Apart from the images, reproduce all of the data word for word.

═══

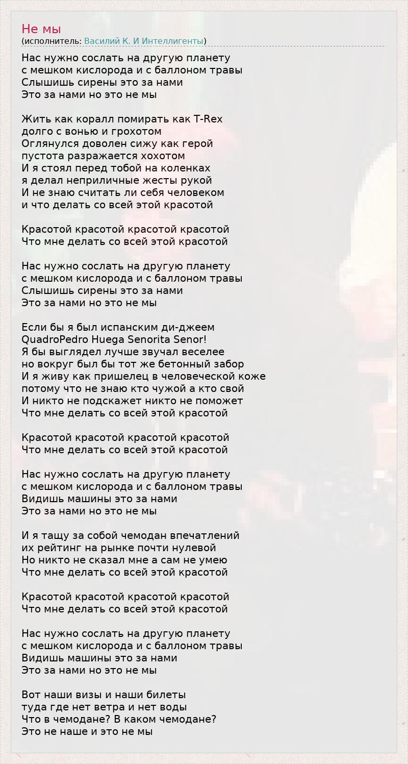 Нас нужно сослать на другую планету с мешком кислорода и с баллоном травы Слышишь сирены это за нами Это за нами но это не мы Жить как коралл помирать как T-Rex долго с вонью и грохотом Оглянулся доволен сижу как герой пустота разражается хохотом И я стоял перед тобой на коленках я делал неприличные жесты рукой И не знаю считать ли себя человеком и что делать со всей этой красотой Красотой красотой красотой красотой Что мне делать со всей этой красотой Нас нужно сослать на другую планету с мешком кислорода и с баллоном травы Слышишь сирены это за нами Это за нами но это не мы Если бы я был испанским ди-джеем QuadroPedro Huega Senorita Senor! Я бы выглядел лучше звучал веселее но вокруг был бы тот же бетонный забор И я живу как пришелец в человеческой коже потому что не знаю кто чужой а кто свой И никто не подскажет никто не поможет Что мне делать со всей этой красотой Красотой красотой красотой красотой Что мне делать со всей этой красотой Нас нужно сослать на другую планету с мешком кислорода и с баллоном травы Видишь машины это за нами Это за нами но это не мы И я тащу за собой чемодан впечатлений их рейтинг на рынке почти нулевой Но никто не сказал мне а сам не умею Что мне делать со всей этой красотой Красотой красотой красотой красотой Что мне делать со всей этой красотой Нас нужно сослать на другую планету с мешком кислорода и с баллоном травы Видишь машины это за нами Это за нами но это не мы Вот наши визы и наши билеты туда где нет ветра и нет воды Что в чемодане? В каком чемодане? Это не наше и это не мы
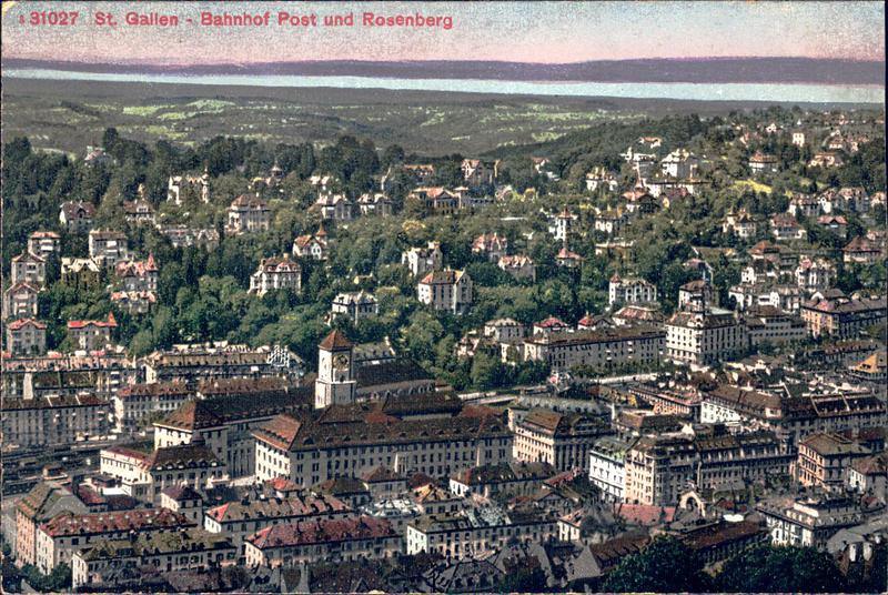 Zustandsbeschreibung der Ansichtskarte "St. Gallen, Bahnhof Post und Rosenberg"
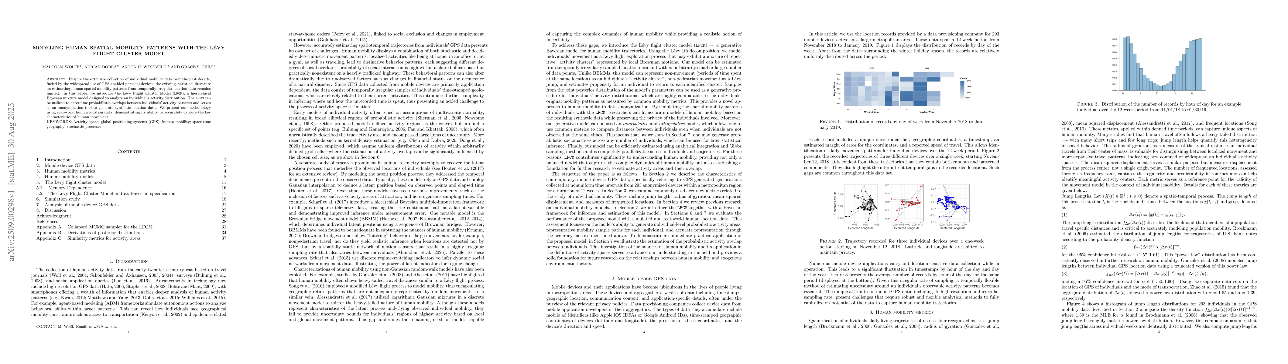Despite the extensive collection of individual mobility data over the past decade, fueled by the widespread use of GPS-enabled personal devices, the existing statistical literature on estimating human spatial mobility patterns from temporally irregular location data remains limited. In this paper, we introduce the L\'{e}vy Flight Cluster Model (LFCM), a hierarchical Bayesian mixture model designed to analyze an individual's activity distribution. The LFCM can be utilized to determine probabilistic overlaps between individuals' activity patterns and serves as an anonymization tool to generate synthetic location data. We present our methodology using real-world human location data, demonstrating its ability to accurately capture the key characteristics of human movement.
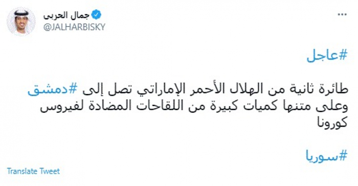 وكتب في تغريدة عبر "تويتر" رصدها "المشهد العربي": "طائرة ثانية من الهلال الأحمر الإماراتي تصل إلى دمشق وعلى متنها كميات كبيرة من اللقاحات المضادة لفيروس كورونا".
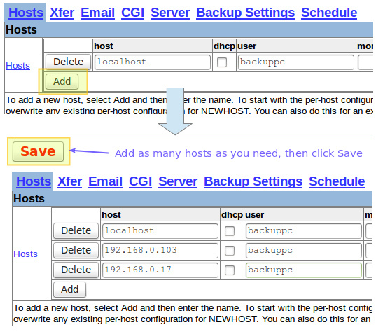 一旦 CentOS 和 Windows 主机都准备完毕,使用 Web 界面将它们添加到 BackupPC:

═══

### Response area
 Нас нужно сослать на другую планету с мешком кислорода и с баллоном травы Слышишь сирены это за нами Это за нами но это не мы Жить как коралл помирать как T-Rex долго с вонью и грохотом Оглянулся доволен сижу как герой пустота разражается хохотом И я стоял перед тобой на коленках я делал неприличные жесты рукой И не знаю считать ли себя человеком и что делать со всей этой красотой Красотой красотой красотой красотой Что мне делать со всей этой красотой Нас нужно сослать на другую планету с мешком кислорода и с баллоном травы Слышишь сирены это за нами Это за нами но это не мы Если бы я был испанским ди-джеем QuadroPedro Huega Senorita Senor! Я бы выглядел лучше звучал веселее но вокруг был бы тот же бетонный забор И я живу как пришелец в человеческой коже потому что не знаю кто чужой а кто свой И никто не подскажет никто не поможет Что мне делать со всей этой красотой Красотой красотой красотой красотой Что мне делать со всей этой красотой Нас нужно сослать на другую планету с мешком кислорода и с баллоном травы Видишь машины это за нами Это за нами но это не мы И я тащу за собой чемодан впечатлений их рейтинг на рынке почти нулевой Но никто не сказал мне а сам не умею Что мне делать со всей этой красотой Красотой красотой красотой красотой Что мне делать со всей этой красотой Нас нужно сослать на другую планету с мешком кислорода и с баллоном травы Видишь машины это за нами Это за нами но это не мы Вот наши визы и наши билеты туда где нет ветра и нет воды Что в чемодане? В каком чемодане? Это не наше и это не мы
 Zustandsbeschreibung der Ansichtskarte "St. Gallen, Bahnhof Post und Rosenberg"
Despite the extensive collection of individual mobility data over the past decade, fueled by the widespread use of GPS-enabled personal devices, the existing statistical literature on estimating human spatial mobility patterns from temporally irregular location data remains limited. In this paper, we introduce the L\'{e}vy Flight Cluster Model (LFCM), a hierarchical Bayesian mixture model designed to analyze an individual's activity distribution. The LFCM can be utilized to determine probabilistic overlaps between individuals' activity patterns and serves as an anonymization tool to generate synthetic location data. We present our methodology using real-world human location data, demonstrating its ability to accurately capture the key characteristics of human movement.
 وكتب في تغريدة عبر "تويتر" رصدها "المشهد العربي": "طائرة ثانية من الهلال الأحمر الإماراتي تصل إلى دمشق وعلى متنها كميات كبيرة من اللقاحات المضادة لفيروس كورونا".
 一旦 CentOS 和 Windows 主机都准备完毕,使用 Web 界面将它们添加到 BackupPC:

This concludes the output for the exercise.